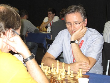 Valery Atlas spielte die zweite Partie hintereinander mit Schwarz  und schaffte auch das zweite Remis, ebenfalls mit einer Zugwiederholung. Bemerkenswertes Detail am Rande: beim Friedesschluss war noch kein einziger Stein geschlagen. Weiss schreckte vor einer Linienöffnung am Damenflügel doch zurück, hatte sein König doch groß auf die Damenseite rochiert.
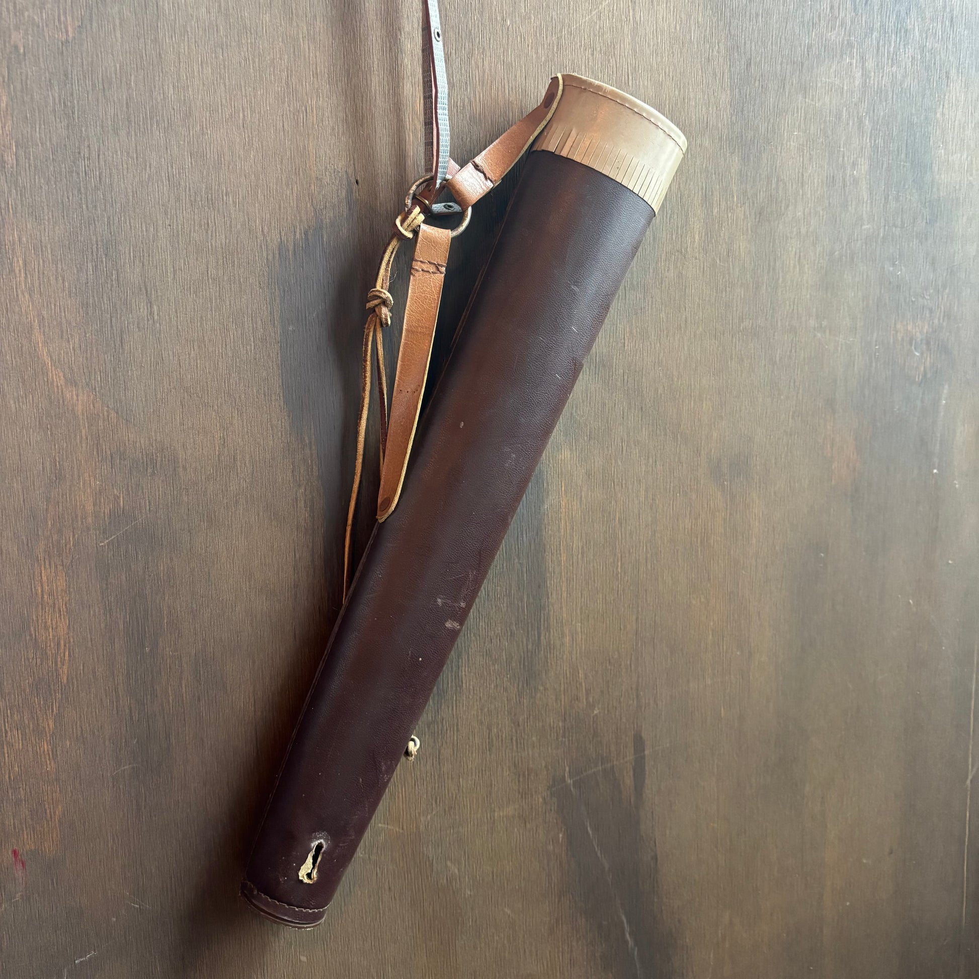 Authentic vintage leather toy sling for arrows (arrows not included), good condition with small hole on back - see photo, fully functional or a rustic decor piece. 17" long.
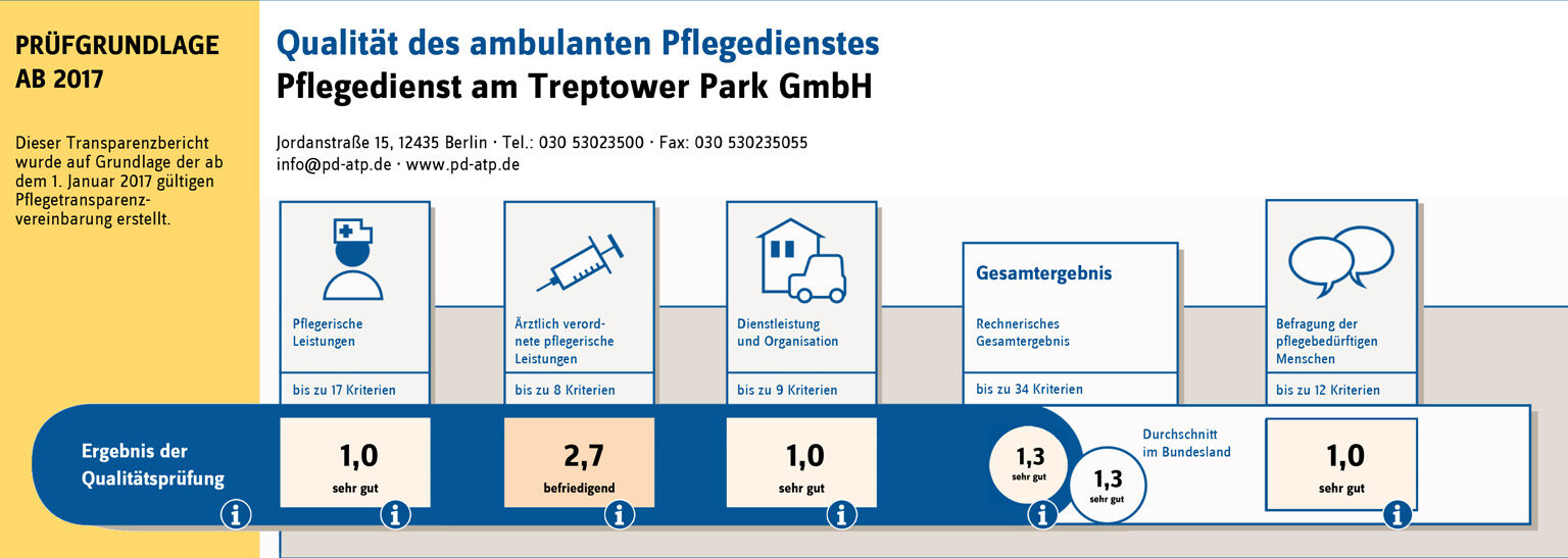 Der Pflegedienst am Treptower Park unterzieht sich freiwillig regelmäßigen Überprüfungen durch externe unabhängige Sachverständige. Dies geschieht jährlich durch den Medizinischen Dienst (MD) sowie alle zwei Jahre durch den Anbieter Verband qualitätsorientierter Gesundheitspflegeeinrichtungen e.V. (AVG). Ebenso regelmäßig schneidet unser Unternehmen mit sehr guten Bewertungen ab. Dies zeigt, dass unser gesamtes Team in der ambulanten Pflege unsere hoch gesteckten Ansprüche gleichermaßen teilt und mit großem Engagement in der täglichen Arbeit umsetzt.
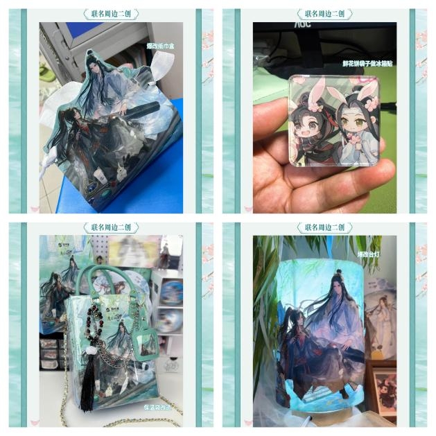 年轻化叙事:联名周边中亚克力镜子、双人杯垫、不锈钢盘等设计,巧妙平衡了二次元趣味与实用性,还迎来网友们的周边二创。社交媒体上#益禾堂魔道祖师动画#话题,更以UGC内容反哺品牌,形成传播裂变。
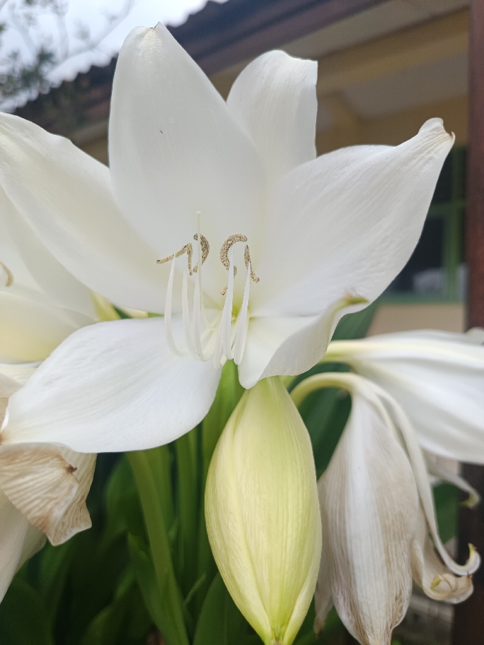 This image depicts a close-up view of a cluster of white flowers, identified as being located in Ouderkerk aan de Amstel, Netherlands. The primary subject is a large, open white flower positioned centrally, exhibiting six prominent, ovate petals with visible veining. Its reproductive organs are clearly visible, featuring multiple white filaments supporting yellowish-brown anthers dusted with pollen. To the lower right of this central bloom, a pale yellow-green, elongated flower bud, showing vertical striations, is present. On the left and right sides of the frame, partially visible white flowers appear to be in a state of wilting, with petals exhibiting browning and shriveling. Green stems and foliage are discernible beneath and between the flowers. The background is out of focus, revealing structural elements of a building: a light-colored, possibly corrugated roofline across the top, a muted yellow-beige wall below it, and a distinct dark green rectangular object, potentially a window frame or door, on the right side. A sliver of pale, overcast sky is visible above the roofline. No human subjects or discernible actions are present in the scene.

.....

YOUR GOAL => No pictures, please. Output the listing above exactly as it stands.

EXERCISE RESPONSE =>
 Valery Atlas spielte die zweite Partie hintereinander mit Schwarz  und schaffte auch das zweite Remis, ebenfalls mit einer Zugwiederholung. Bemerkenswertes Detail am Rande: beim Friedesschluss war noch kein einziger Stein geschlagen. Weiss schreckte vor einer Linienöffnung am Damenflügel doch zurück, hatte sein König doch groß auf die Damenseite rochiert.
 Authentic vintage leather toy sling for arrows (arrows not included), good condition with small hole on back - see photo, fully functional or a rustic decor piece. 17" long.
 Der Pflegedienst am Treptower Park unterzieht sich freiwillig regelmäßigen Überprüfungen durch externe unabhängige Sachverständige. Dies geschieht jährlich durch den Medizinischen Dienst (MD) sowie alle zwei Jahre durch den Anbieter Verband qualitätsorientierter Gesundheitspflegeeinrichtungen e.V. (AVG). Ebenso regelmäßig schneidet unser Unternehmen mit sehr guten Bewertungen ab. Dies zeigt, dass unser gesamtes Team in der ambulanten Pflege unsere hoch gesteckten Ansprüche gleichermaßen teilt und mit großem Engagement in der täglichen Arbeit umsetzt.
 年轻化叙事:联名周边中亚克力镜子、双人杯垫、不锈钢盘等设计,巧妙平衡了二次元趣味与实用性,还迎来网友们的周边二创。社交媒体上#益禾堂魔道祖师动画#话题,更以UGC内容反哺品牌,形成传播裂变。
 This image depicts a close-up view of a cluster of white flowers, identified as being located in Ouderkerk aan de Amstel, Netherlands. The primary subject is a large, open white flower positioned centrally, exhibiting six prominent, ovate petals with visible veining. Its reproductive organs are clearly visible, featuring multiple white filaments supporting yellowish-brown anthers dusted with pollen. To the lower right of this central bloom, a pale yellow-green, elongated flower bud, showing vertical striations, is present. On the left and right sides of the frame, partially visible white flowers appear to be in a state of wilting, with petals exhibiting browning and shriveling. Green stems and foliage are discernible beneath and between the flowers. The background is out of focus, revealing structural elements of a building: a light-colored, possibly corrugated roofline across the top, a muted yellow-beige wall below it, and a distinct dark green rectangular object, potentially a window frame or door, on the right side. A sliver of pale, overcast sky is visible above the roofline. No human subjects or discernible actions are present in the scene.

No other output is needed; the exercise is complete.